Light signaling in the basal land plants Physcomitrella patens and Marchantia polymorpha

基底陆生植物小立碗藓和地钱的光信号传导

• 批准号: 310298882
• 负责人: Professorin Dr. Ute Höcker
• 金额: --
• 依托单位: Arbeitsgruppe Höcker
• 依托单位国家: 德国
• 项目类别: Research Grants
• 财政年份: 2016
• 资助国家: 德国
• 起止时间: 2015-12-31 至 2019-12-31
• 项目状态: 已结题
• 来源: https://gepris.dfg.de/gepris/projekt/310298882?language=en
• 关键词: Light; signaling; basal; land; plants

In the seed plant Arabidopsis, the E3 ubiquitin ligase COP1/SPA is a key negative regulator required to suppress light signaling in darkness. It controls growth and development throughout the plant life cycle, including seedling etiolation, shade avoidance and photoperiodic flowering. The COP1/SPA complex consists of COP1 and SPA proteins which cooperate to ubiquitinate positive regulators of light signaling - mainly transcription factors - in darkness. Light exposure inactivates the COP1/SPA complex, thereby allowing these transcription factors to accumulate and light signaling to proceed. While COP1/SPA function is well characterized in Arabidopsis, nothing is known about the evolution of these essential intermediates of light signaling. COP1 also exists in animals, suggesting an ancient origin. SPA genes, in contrast, are specific to the green lineage, indicating that COP1/SPA cooperative function has evolved in the green lineage, possibly to place the activity of COP1 under the control of light. Orthologs of COP1 and SPA genes are present in the bryophytes Physcomitrella patens and Marchantia polymorpha, both model systems for early land plants. Our genetic analyzes demonstrate that SPA gene functions in Physcomitrella are distinct from those of their well-characterized Arabidopsis counterparts. Also, light signaling in Physcomitrella appears to be less interconnected with endogenous developmental programs (e.g. meristem activity) than in seed plants. Thus, a comparative analysis of light signaling in two bryophytes (Physcomitrella and Marchantia) and seed plants will greatly advance our knowledge on the evolution of adaptive responses to the light environment in land plants. We will analyze the functions of Physcomitrella and Marchantia COP1- and SPA-like genes through a combination of genetic and biochemical approaches. We will focus on the following main questions: 1) To what extent do COP1- and SPA-like proteins from these bryophytes cooperate, i.e. require each other for activity? 2) To what extent are COP1- and SPA-like proteins interconnected with signaling in darkness and in the light? 3) What are the functions of transcription factors interacting with bryophyte COP1 and/or SPA, i.e. to what extent are output responses conserved between bryophytes and seed plants.

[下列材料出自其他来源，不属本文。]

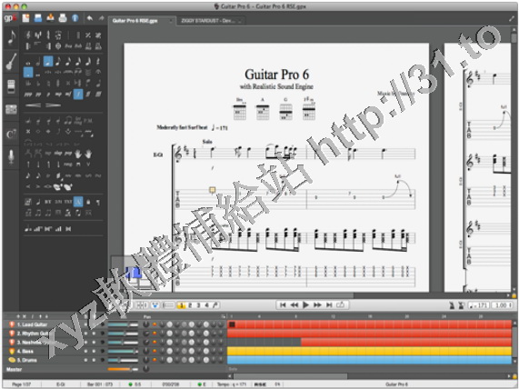 Guitar Pro 是一款倍受吉他手喜愛的吉他和弦、六線譜、BASS四線譜繪製、列印、查看
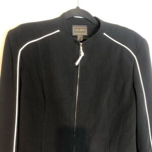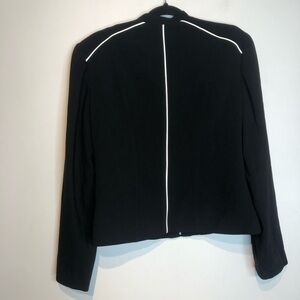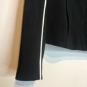 White piping down front of shoulders and arm as well as back of shoulders and down middle back
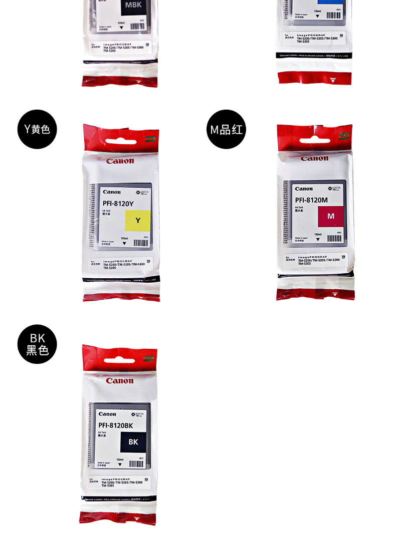 商品名称:佳能 (Canon) TM-5300/5305/5200/5205原装墨盒PFI-8120 (130ML)Y 黄色
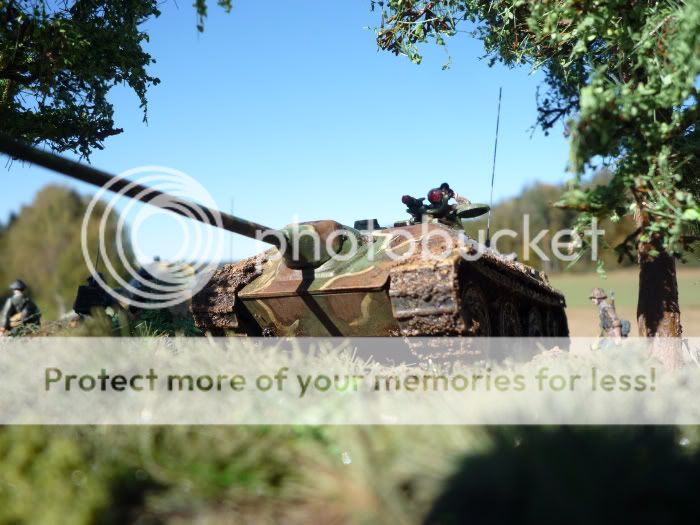 Danke für das Lob. Das Tarnmuster ist mit dem Pinsel gemacht. Habe zwar eine recht gute Revell-Airbrush aber bin meist zu faul, diese auch zu benutzen, bzw. ist mir der damit verbundene Aufwand zu hoch.  Ich grundiere meine Fahrzeuge schwarz, dann bekommen sie einen (in dem fall grünen) Trockenbürstanstrich mit flachem Pinsel, dann male ich die Tarnflecken auf, akzentuiere sie, gebe dem Fahrzeug noch ein washing und zusätzliches Drybrushing, bemale die Details, etwas Alterung...fertig.
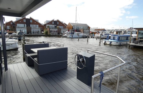 Spend a dream vacation on the water in this modern houseboat. | Boat Rental in Uitgeest
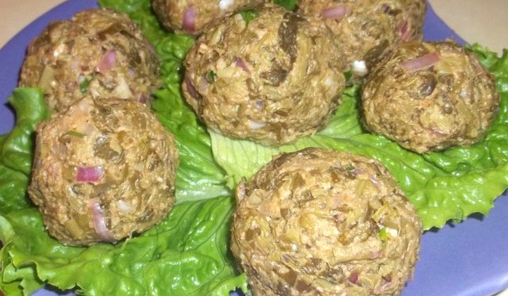 ეკალა შეგიძლიათ ბურთულებად დაამრგვალოთ და სალათის ფურცლებით გააფორმოთ. მიირთვით ცივი.
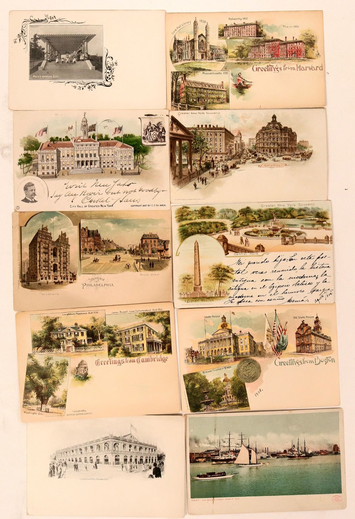 Lot of 10 pioneer postcards, some of the earliest postcards made in America, c1895-1906. Includes greetings from U.S. cities like Boston, Philadelphia, New York, and places such as Cambridge and Harvard. Seven are blank, and three canceled from Boston, 1902; Brooklyn, 1902; and New York, N.Y., 1898. See photo for details.
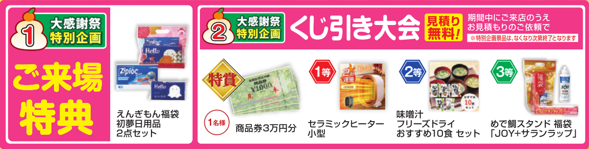 ご来場特典に加えお見積りご依頼特典(くじ引き)をご用意!
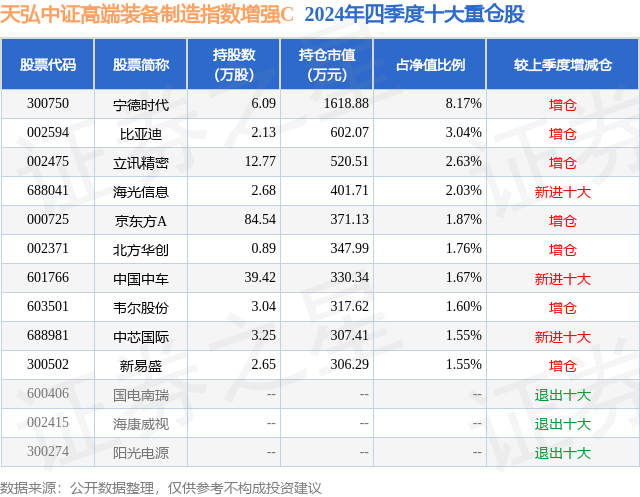 从基金规模来看,天弘中证高端装备制造指数增强C基金2024年四季度公布的基金规模为0.93亿元,较上一期规模8426.96万元变化了904.5万元,环比变化了10.73%。该基金最新一期资产配置为:股票占净值比95.17%,债券占净值比0.31%,现金占净值比4.92%。从基金持仓来看,该基金当季前十大股票仓位达25.87%,第一大重仓股为宁德时代(300750),持仓占比为8.17%。
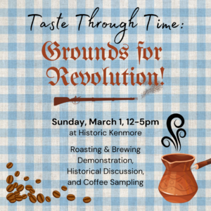 Ever wonder why coffee is so ingrained into American culture? Visit Kenmore’s historic kitchen to learn more about this revolutionary brew. Set beside the hearth fire, guests will experience the sights, sounds, and aromas of coffee as beans are toasted and brewed in a traditional pot. This cooking demonstration explores how coffee moved from a global commodity to a familiar presence in American life, fueling daily routines and revolutionary-era actions alike. The program concludes with coffee samples for guests to enjoy.
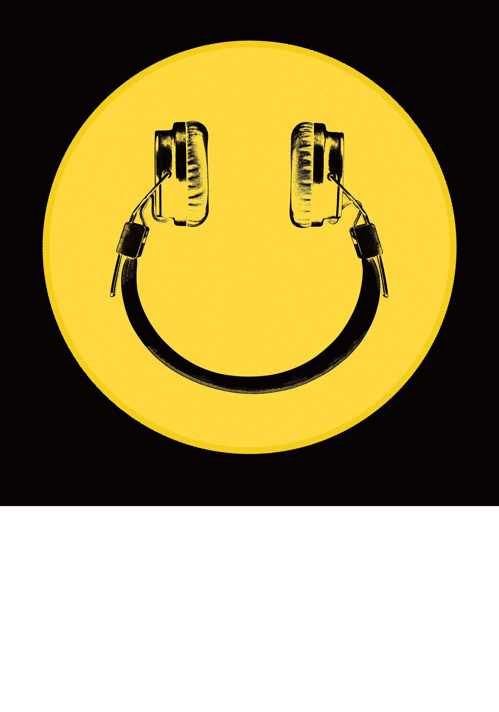 黒い背景に明るい黄色の円が描かれたポスターです。ヘッドホンが目になり、ケーブルが笑顔の口を作っています。音楽を楽しむスマイリーフェイスのデザインです。

在种子植物拟南芥中，E3泛素连接酶COP1/SPA是黑暗中抑制光信号所需的关键负调控因子。它控制着植物整个生命周期的生长发育，包括幼苗黄化、遮荫躲避和光周期开花。COP1/SPA复合体由COP1和SPA蛋白组成，它们在黑暗中协同泛素化光信号的正调节因子（主要是转录因子）。光照使COP1/SPA复合物失活，从而允许这些转录因子积累和光信号传导进行。虽然COP1/SPA的功能在拟南芥中得到了很好的表征，但对这些重要的光信号中间体的进化尚不清楚。COP1也存在于动物体内，这表明它有一个古老的起源。相比之下，SPA基因是绿色谱系所特有的，这表明COP1/SPA合作功能在绿色谱系中已经进化，可能将COP1的活性置于光的控制之下。COP1和SPA基因的同源物存在于苔藓植物小壶草和多形地豆中，这两种植物都是早期陆地植物的模式系统。我们的遗传分析表明，小立壶菌的SPA基因功能不同于那些已被充分表征的拟南芥。此外，与种子植物相比，小立小藻中的光信号与内源发育程序（如分生组织活性）的联系似乎更少。因此，比较分析两种苔藓植物（小壶藓和麻豆属）和种子植物的光信号将有助于我们了解陆地植物对光环境的适应反应的进化。我们将通过遗传学和生物化学相结合的方法来分析小壶菌和地香菌的COP1-和spa -样基因的功能。我们将重点关注以下主要问题：1)这些苔藓植物的COP1-和spa样蛋白在多大程度上相互合作，即相互需要才能发挥活性？2) COP1-和spa样蛋白在多大程度上与黑暗和光明下的信号相互关联？3)与苔藓植物COP1和/或SPA相互作用的转录因子的功能是什么，即苔藓植物和种子植物之间的输出响应在多大程度上是保守的。